### Exercise description
Go through the listing and set it down exactly, leaving out its pictures.

### Material provided
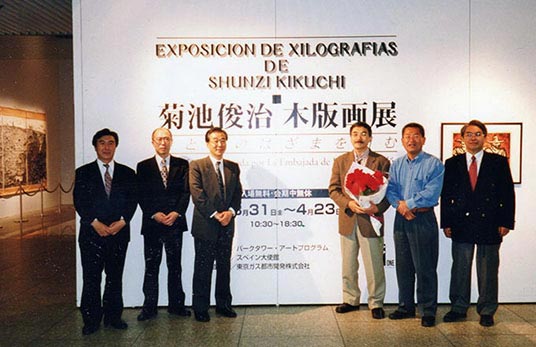 | 『墨画』 (軸装) と 『木版画』 (屏風) を 同時に展示した。 (スペイン大使館後援) |
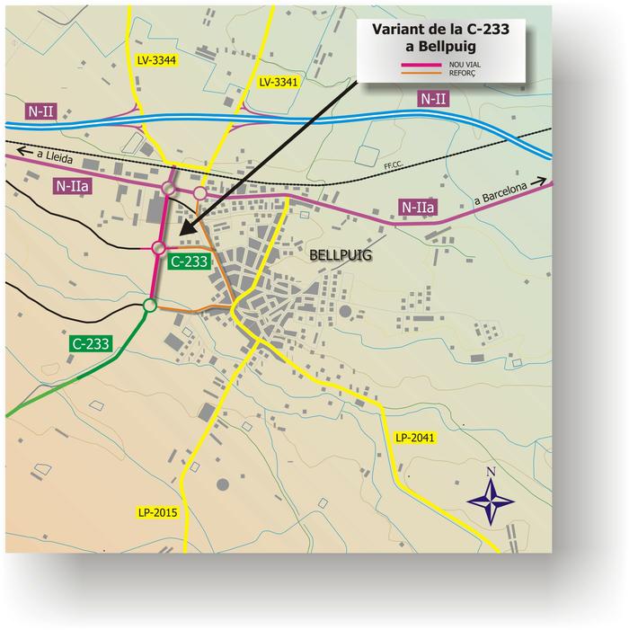 Cal destacar també que amb la construcció de la variant de Bellpuig s’evita el pas dels vehicles que circulen per la C-233 i volen accedir a la N-II, per dins del nucli d’aquesta població. La variant connecta directament la C-233 amb l’antiga N-II (N-IIa). A partir de la N-IIa, es poden fer les diferents connexions amb l’autovia de la N-II.
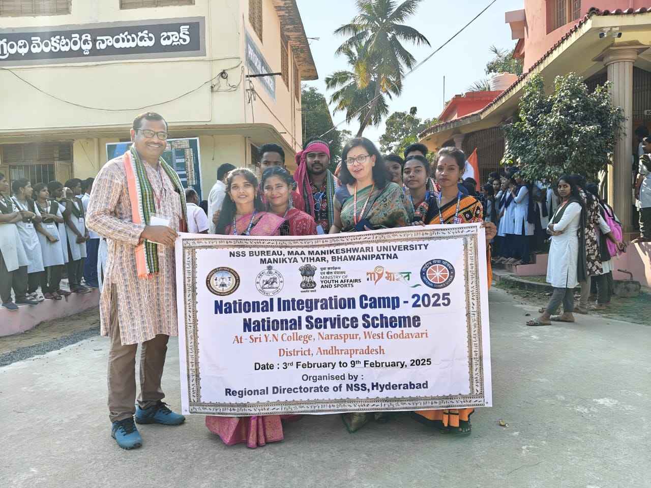 କ୍ରୀଡ଼ା ଓ ଯୁବ ବ୍ୟାପାର ମନ୍ତ୍ରଣାଳୟ ଭାରତ ସରକାର ଓ ଜାତୀୟ ସେବା ଯୋଜନା ଆଞ୍ଚଳିକ ନିର୍ଦ୍ଦେଶାଳୟ ହାଇଦ୍ରାବାଦର ସହଭାଗିତାରେ ୱାଇ ଏନ୍ କଲେଜ ନରସାପୁର ଆନ୍ଧ୍ରପ୍ରଦେଶ ଦ୍ଵାରା ଆୟୋଜିତ ସାତ ଦିନିଆ ରାଷ୍ଟ୍ରୀୟ ଏକତା ଶିବିର ଉଦଘାଟିତ ହୋଇଯାଇଛି।ଆଦି କବି ନନନ୍ୟା ବିଶ୍ଵବିଦ୍ୟାଳୟ ରାଜମଣ୍ଡିର କୁଳପତି ପ୍ରଫେସର ୱାଇ ଶ୍ରୀନିବାସ ରାଓ ଶିବିରକୁ ଉଦଘାଟନ କରିଥିବାବେଳେ ଅଧ୍ୟକ୍ଷ ଡଃ ସି ଏଚ୍ କନକ ରାଓ ସଭାପତିତ୍ବ କରିଥିଲେ।ମୁଖ୍ୟ ଅତିଥି ଭାବେ ଆଞ୍ଚଳିକ ନିର୍ଦ୍ଦେଶାଳୟ ଏନ୍ ଏସ ଏସ ହାଇଦ୍ରାବାଦର ଡ ୟମ ରାମ କ୍ରୀଷ୍ଣା ଓ କାର୍ଯ୍ୟକ୍ରମ ସଂଯୋଜକ ପି ଭେଙ୍କଟେଶ୍ୱର୍ ରାଓ ଯୋଗଦାନ କରିଥିଲେ ।ଆଞ୍ଚଳିକ ନିର୍ଦ୍ଦେଶାଳୟ ଏନ୍ ଏସ ଏସ ଭୁବନେଶ୍ୱରର
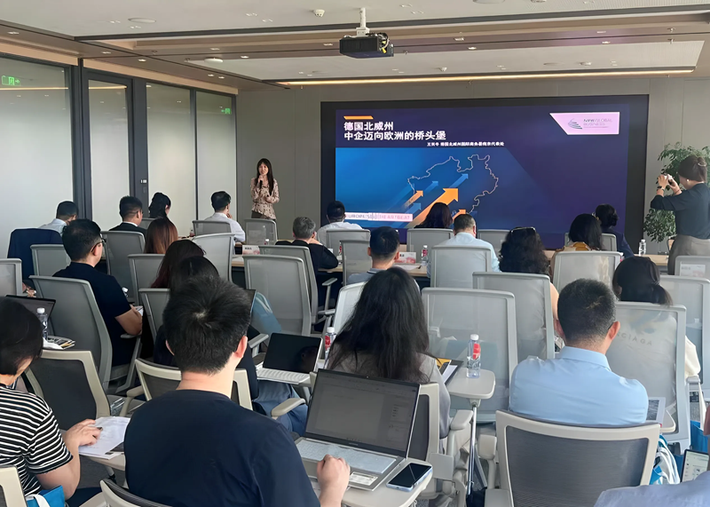 作为北威州负责对外经济促进合作的官方机构,德国北威州国际商务署总部位于德国杜塞尔多夫,在中国设有南京、北京和广州三个代表处,为中国企业去德国投资布局及北威州企业的在华发展提供专业服务。其华东华中西南大区主任王笑冬现场揭秘北威州的区位优势:“目前中国在德国投资落户的企业总量中,北威州占据三分之一。”王笑冬称,凭借充满活力的经济环境、独特的基础设施和具有战略价值的地理位置,北威州贡献了德国1/5的经济总量,坐拥欧洲最密集的物流网络和最集中的工业集群,堪称“Europe's Heartbeat欧洲的心跳所在”。王笑冬介绍称,作为“蓉品出海”的重要窗口,北威州已吸引以新能源、智能网联等产业为主的近1200家中企落户。
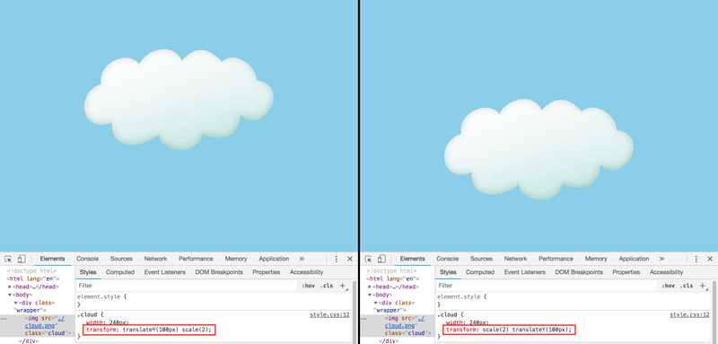 如果先translate再scale,平移的距离也将被等比例缩放,而先scale再translate则不会。所以在使用transform需按照 translate -> rotate -> scale 的顺序书写,让scale先执行,以免放大translate的效果,而rotate先translate执行以防止带着平移的距离一起转动。我觉得这是transform目前不方便的地方,因为方法之间相互干扰并不容易理解,书写顺序也不容易记住。在未来有望通过使用独立的css transform属性解决这一问题,因为独立的transform属性对书写顺序没有依赖,方法之间彼此不会干扰。
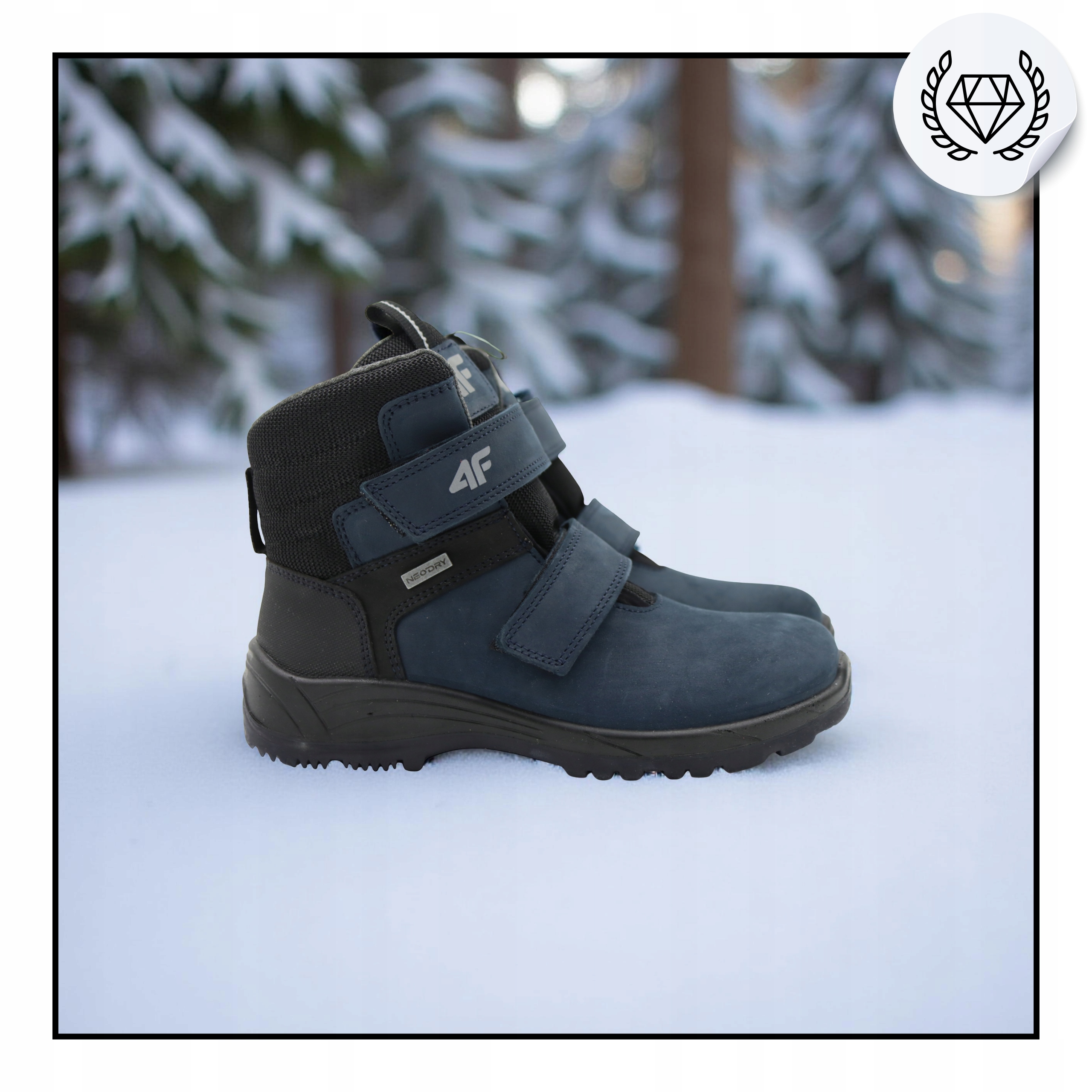 4F Junior Trek — зимняя треккинговая обувь для детей, обеспечивающая максимальный комфорт, тепло и защиту в холодные дни. Высококачественные материалы, в том числе натуральный нубук и мембрана NeoDry, гарантируют надежность даже в сложных погодных условиях. Благодаря липучкам обувь легко надевать, а внутренняя подкладка из синтетической овчины обеспечивает отличный тепловой комфорт. Идеально подходит как для зимних прогулок, так и для повседневного использования – в школу, детский сад или на праздники.
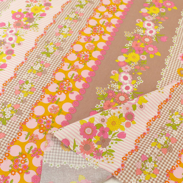 70’s フラワーボーダー プリント生地 ピンク×ブラウン 巾約108cm×6mカット CHU052-2B-6M(直送品)
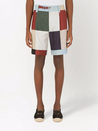 Cotton and linen patchwork shorts
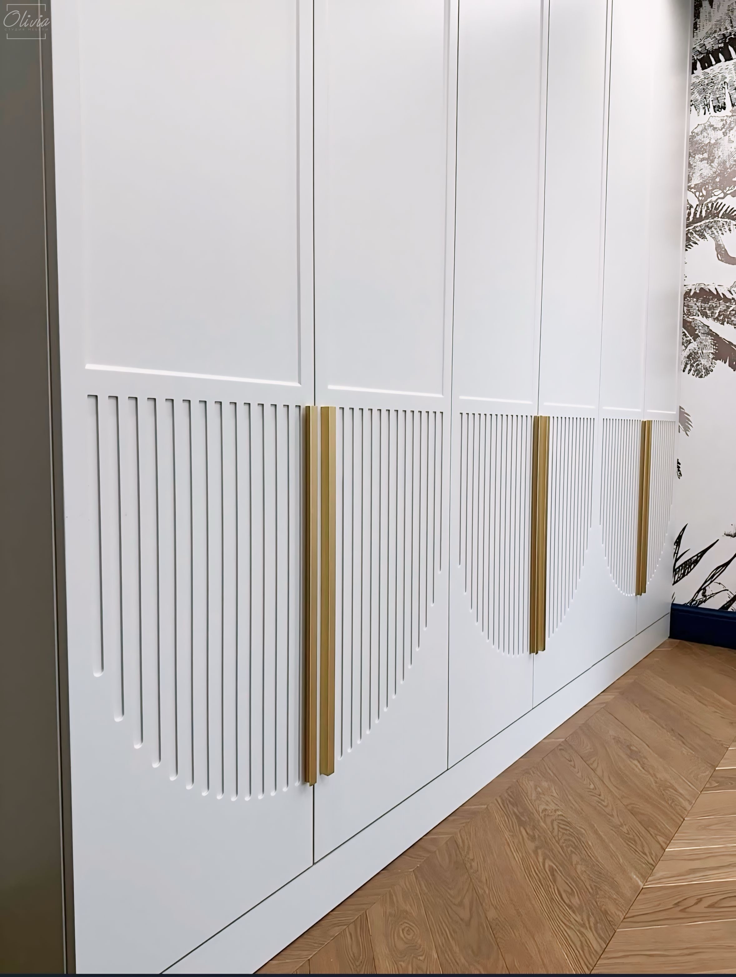 - Современный дизайн: лаконичные белые фасады с изысканными декоративными элементами (вертикальная фрезеровка и плавные дуги) создают ощущение лёгкости и простора.

### Result of the exercise
 | 『墨画』 (軸装) と 『木版画』 (屏風) を 同時に展示した。 (スペイン大使館後援) |
 Cal destacar també que amb la construcció de la variant de Bellpuig s’evita el pas dels vehicles que circulen per la C-233 i volen accedir a la N-II, per dins del nucli d’aquesta població. La variant connecta directament la C-233 amb l’antiga N-II (N-IIa). A partir de la N-IIa, es poden fer les diferents connexions amb l’autovia de la N-II.
 କ୍ରୀଡ଼ା ଓ ଯୁବ ବ୍ୟାପାର ମନ୍ତ୍ରଣାଳୟ ଭାରତ ସରକାର ଓ ଜାତୀୟ ସେବା ଯୋଜନା ଆଞ୍ଚଳିକ ନିର୍ଦ୍ଦେଶାଳୟ ହାଇଦ୍ରାବାଦର ସହଭାଗିତାରେ ୱାଇ ଏନ୍ କଲେଜ ନରସାପୁର ଆନ୍ଧ୍ରପ୍ରଦେଶ ଦ୍ଵାରା ଆୟୋଜିତ ସାତ ଦିନିଆ ରାଷ୍ଟ୍ରୀୟ ଏକତା ଶିବିର ଉଦଘାଟିତ ହୋଇଯାଇଛି।ଆଦି କବି ନନନ୍ୟା ବିଶ୍ଵବିଦ୍ୟାଳୟ ରାଜମଣ୍ଡିର କୁଳପତି ପ୍ରଫେସର ୱାଇ ଶ୍ରୀନିବାସ ରାଓ ଶିବିରକୁ ଉଦଘାଟନ କରିଥିବାବେଳେ ଅଧ୍ୟକ୍ଷ ଡଃ ସି ଏଚ୍ କନକ ରାଓ ସଭାପତିତ୍ବ କରିଥିଲେ।ମୁଖ୍ୟ ଅତିଥି ଭାବେ ଆଞ୍ଚଳିକ ନିର୍ଦ୍ଦେଶାଳୟ ଏନ୍ ଏସ ଏସ ହାଇଦ୍ରାବାଦର ଡ ୟମ ରାମ କ୍ରୀଷ୍ଣା ଓ କାର୍ଯ୍ୟକ୍ରମ ସଂଯୋଜକ ପି ଭେଙ୍କଟେଶ୍ୱର୍ ରାଓ ଯୋଗଦାନ କରିଥିଲେ ।ଆଞ୍ଚଳିକ ନିର୍ଦ୍ଦେଶାଳୟ ଏନ୍ ଏସ ଏସ ଭୁବନେଶ୍ୱରର
 作为北威州负责对外经济促进合作的官方机构,德国北威州国际商务署总部位于德国杜塞尔多夫,在中国设有南京、北京和广州三个代表处,为中国企业去德国投资布局及北威州企业的在华发展提供专业服务。其华东华中西南大区主任王笑冬现场揭秘北威州的区位优势:“目前中国在德国投资落户的企业总量中,北威州占据三分之一。”王笑冬称,凭借充满活力的经济环境、独特的基础设施和具有战略价值的地理位置,北威州贡献了德国1/5的经济总量,坐拥欧洲最密集的物流网络和最集中的工业集群,堪称“Europe's Heartbeat欧洲的心跳所在”。王笑冬介绍称,作为“蓉品出海”的重要窗口,北威州已吸引以新能源、智能网联等产业为主的近1200家中企落户。
 如果先translate再scale,平移的距离也将被等比例缩放,而先scale再translate则不会。所以在使用transform需按照 translate -> rotate -> scale 的顺序书写,让scale先执行,以免放大translate的效果,而rotate先translate执行以防止带着平移的距离一起转动。我觉得这是transform目前不方便的地方,因为方法之间相互干扰并不容易理解,书写顺序也不容易记住。在未来有望通过使用独立的css transform属性解决这一问题,因为独立的transform属性对书写顺序没有依赖,方法之间彼此不会干扰。
 4F Junior Trek — зимняя треккинговая обувь для детей, обеспечивающая максимальный комфорт, тепло и защиту в холодные дни. Высококачественные материалы, в том числе натуральный нубук и мембрана NeoDry, гарантируют надежность даже в сложных погодных условиях. Благодаря липучкам обувь легко надевать, а внутренняя подкладка из синтетической овчины обеспечивает отличный тепловой комфорт. Идеально подходит как для зимних прогулок, так и для повседневного использования – в школу, детский сад или на праздники.
 70’s フラワーボーダー プリント生地 ピンク×ブラウン 巾約108cm×6mカット CHU052-2B-6M(直送品)
 Cotton and linen patchwork shorts
 - Современный дизайн: лаконичные белые фасады с изысканными декоративными элементами (вертикальная фрезеровка и плавные дуги) создают ощущение лёгкости и простора.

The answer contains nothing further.